そのため、あらかじめ契約の有効期間を1年と定め、満了一定期間前までに何らかの申入れをしない場合は、自動的に更新する旨と定めています。
また何らかの利益状況の変化で契約を終了する必要が生じた時のために、一定期間の予告期間を相手に通知すれば契約を終了することができる旨も併記します。

(連帯保証人)
第10条 丙は、本契約に基づき乙が甲に対して負担する一切の債務の履行について、乙と連帯して保証の責めに任ずるものとする。

売主にとって、代金回収は最も重要です。そのため、万が一取引の相手方が売買代金を支払えなくなったような場合のために保証人の定めを設けます。企業間の契約の場合、買主側企業の代表取締役を連帯保証人にすることが一般的です。
売買代金が高額に及ぶような場合は保証人だけでは、実際に代金回収することになった場合に不安が残ります。そのため会社保有の不動産への根抵当権の設定などの担保設定についての条項を別途設けることが望ましいといえます。

(秘密保持)
第11条 甲又は乙は、本契約ならびに個別契約に基づく取引により得た機密事項を、相手方の事前の書面による承諾なくして第三者に開示又は漏洩しないものとする。

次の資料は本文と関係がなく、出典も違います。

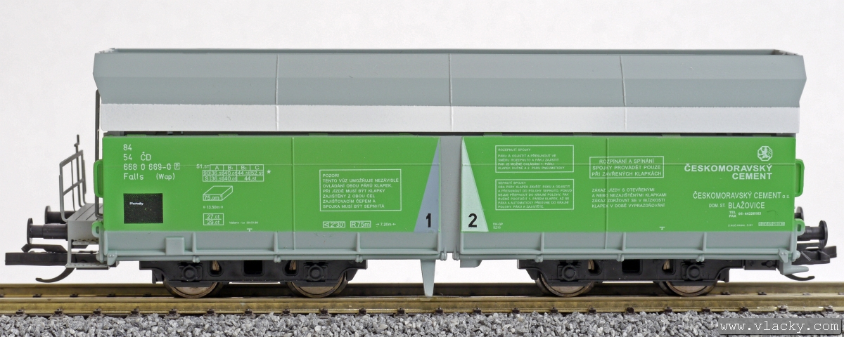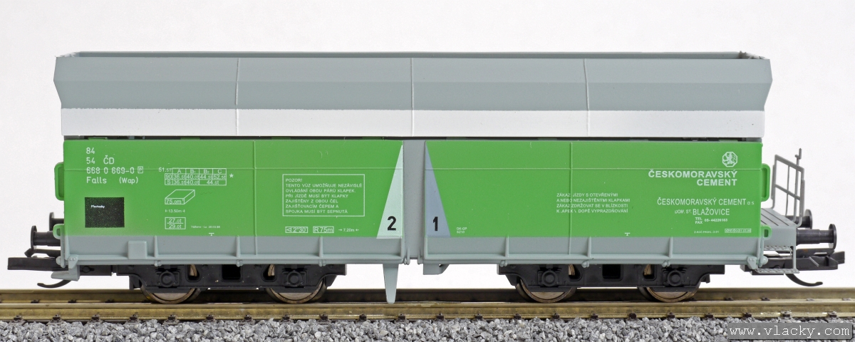 | nákladní samovýsypný vůz šedý s bílým pruhem a zelenými klapkami „Českomoravský cement“ |
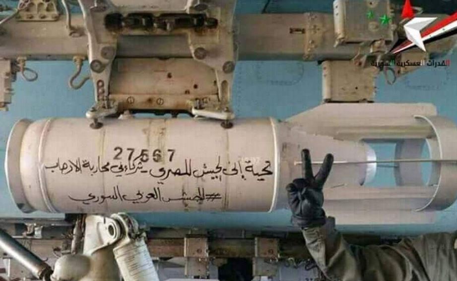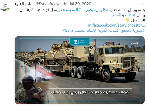 ومنذ وقت مبكر في 2014، رصد ثوار سوريا دعما عسكريا بالأسلحة والضباط من السيسي إلى جيش بشار في مواجهة ثوار سوريا، وهو ما تجدد أيضا في يوليو 2020، بعدما كشف ناشطون سوريون عن احتفاء جيش بشار بالأسلحة التي صدرها لهم السيسي وكتب قتيبة ياسين @k7ybnd99 عن بلاغ قدمه إلى الحكومة الأميركية وقال "السيسي يرسل للأسد ذخيرة من صنع معامل الشرق بمحافظة الشرقية، تدفع ثمنها الإمارات وتُنقل بطائرات شحن مصرية إلى مطار حماة على أساس أنها قطع غيار".
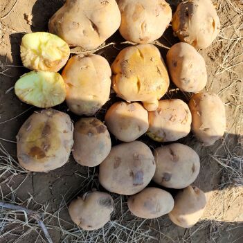 8月13日,原平市红池村民正在土豆地里查看长势,两人看着喜人的土豆开心的笑了。原平市山区农民根据土地土壤结构松散的特点,以种植土豆为主要农作物,不分地块大小,也不论坡地还是平地,长出的土豆个头大好吃,既可以当主食食用,也可以制作为蔬菜,一食多用,是餐桌上的香饽饽,销售价格也节节攀升,是山区百姓脱贫致富的金圪蛋。
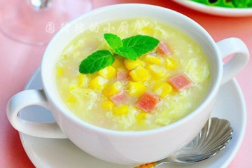 玉米粒罐头225克(半瓶),火腿80克,黄油15克,面粉15克,鸡蛋1颗,清水400克,盐1/4小匙,糖1/2小匙如果罐头够甜可免
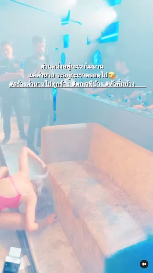 โดยในคลิปเราจะเห็นสาวนิวนิว กำลังทำท่านอนยกขาชี้ฟ้าอวดเรือนร่างแซ่บเวอร์ในชุดน้อยชิ้นบนโซฟา ก่อนที่จะกับเจอสถานการณ์จังหวะสะดุดทำให้เสียการทรงตัว จนตีลังกาหัวทิ่มตกโซฟา !

取引の対象商品によっては企業秘密等が含まれるような場合もあるでしょう。
その場合買主を通じて他にその秘密が漏洩する可能性も否定できませんので、当事者に対して契約によって知り得た相手方の秘密についての守秘義務をこの条項によって設けています。

(専属的合意管轄)
第12条 甲及び乙は、本契約および本契約に基づく個別契約に関して裁判上の紛争が生じた場合は、○○地方裁判所を第一審の専属的合意管轄裁判所とすることに合意する。

契約当事者の間で紛争状態が発生した場合に、どこの裁判所で裁判をするのかということについての取り決めです。
民法の原則は義務の履行をしなければならない場所から最寄りの裁判所、義務を履行しなければならない者の住所から最寄りの裁判所で裁判が定められていますが、現在では遠隔地間の企業同士の取引も考えられますから、わざわざ遠く離れた裁判所に足を運ぶのは非効率的です。
そのため、契約書に利用する裁判所を取り決めておくことで、遠くの裁判所に出向く労力が発生しないようにしておきます。

(規定外事項)
第13条 この契約に定めのない事項又はこの契約の条項の解釈に疑義を生じたときは、甲乙協議の上定めるものとする。

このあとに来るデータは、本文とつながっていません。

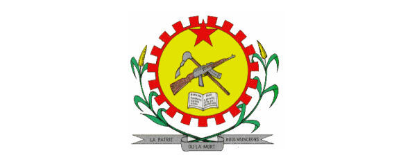 Золотой диск наложен поверх красного зубчатого колеса, символизирующего индустриализацию страны. Колесо полуобрамлено двумя зелеными стеблями сорго с золотыми колосьями, символизирующими сельское хозяйство основу экономики страны. В нижней части герба серебряная лента с девизом: «LA PATRIE OU LA MORT NOUS VAINCRONS» («Отечество или смерть, мы победим»).
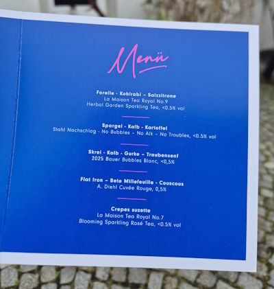 Denn, ist es nicht oft so, dass mit jedem Schluck Alkohol die Geschmacksnerven auch ein bisschen müde werden und damit in Mitleidenschaft gezogen werden? Wie schade, wo man doch in der Gastronomie oft kulinarisch so verwöhnt wird? Genau, und deshalb begeistert mich auch die alkoholfreie Menü-Begleitung so sehr, denn man kann einfach die servierten Gänge so viel besser genießen. Hier also das Menüs mit dem entsprechenden Getränk:
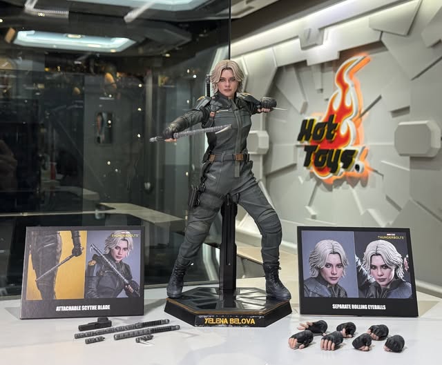 イェレナの戦闘コスチュームは、手縫いのステッチディテールを持つワンピースのタクティカルスーツで再現され、肩のアーマーと両手首に象徴的なブラックウィドウのバイトリストレットが装備されています。彼女のギアは、アイコニックでありながら致命的で、ショートバトンやロングバトンと取り付け可能な鎌の刃、近接戦闘用のピストルや戦闘用ナイフが含まれています。リラックスした姿勢からアクションの準備が整ったジェスチャーや、スーパーヒーローのランドポーズまで、バリエーション豊かな姿勢のための9つの交換可能な手が付属しており、このリリースはダイナミックで表現豊かなポージングのための素晴らしいディスプレイの柔軟性を提供します。
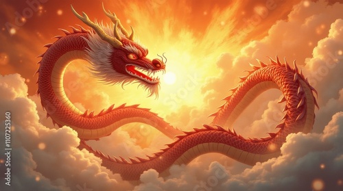 dragon, spiral, gold, burst, art, illustration, fantasy, chinese culture, legend, mythology, gold, design, image, graphic, spiraling, vibrant, colours, powerful, majestic
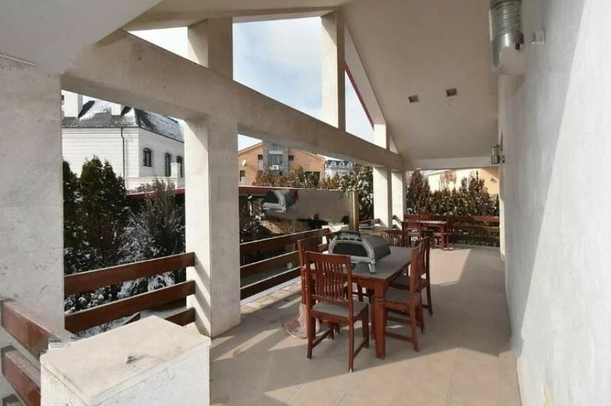 В экологически чистом элитном районе Ваагни города Еревана продается или сдается в аренду 4-х этажный отдельно стоящий дом, построенный с использованием современных решений. Общая площадь здания составляет 1000 квадратных метров, площадь земельного участка — 700 квадратных метров. В доме выполнен качественный ремонт, панорамные окна, индивидуальная система отопления, кондиционеры, пол покрыт высококачественным ламинатом и плиткой, ванные комнаты облицованы европейской плиткой и оснащены сантехникой. Состоит из просторной гостиной, кухни, 5 спален, 5 ванных комнат, имеет гардеробные, кабинет, кладовую, кладовую, тренажерный зал, игровую комнату, крытый бассейн и несколько открытых балконов с прекрасным видом. Комнаты светлые и уютные, обставлены современной стильной мебелью, оснащены бытовой техникой и всеми необходимыми предметами домашнего обихода. Во дворе есть летняя кухня. Есть парковка на 2 машины. В районе Ваагни есть все условия для благополучной, беззаботной жизни. В районе круглосуточная охрана, зеленые зоны постоянно обслуживаются садовниками, улицы чистые и ухоженные, осуществляется вывоз мусора. Здесь есть частные дома разных стилей, таунхаусы, клуб Ararat Valley с бассейном, большие и малые поля для гольфа, теннисные корты, детская площадка. Налоги включены в стоимость.

契約書に書かれていないトラブルが生じる可能性や契約書の解釈に相違が生まれる可能性も考えられます。
その場合でも、甲乙間の協議で円滑に問題解決を探る旨を定めておくことでできるだけトラブルが深刻化しないようにします。


以上、基本的な売買契約における契約書の内容の例とその意味を解説しましたが、契約書は丸写しではなく取引内容に応じて柔軟に改変していく必要があります。
作成した契約書が不備や漏れ、ミスがないか慎重にチェックをすることも忘れてはいけません。条項に穴があれば作成していないのと同じになってしまいます。
チェックができたら、契約日の記載を正確に行い、次に各甲乙丙の氏名を本人の手書きで記入し、最後に実印で押印をします。
この一連の流れを欠くと、どんなに立派な売買契約書も有事の際にただの紙切れになる恐れがあります。不明点があれば行政書士の中には初回相談料無料で対応してくれる契約書のエキスパートも多いですから、相談することをおすすめします。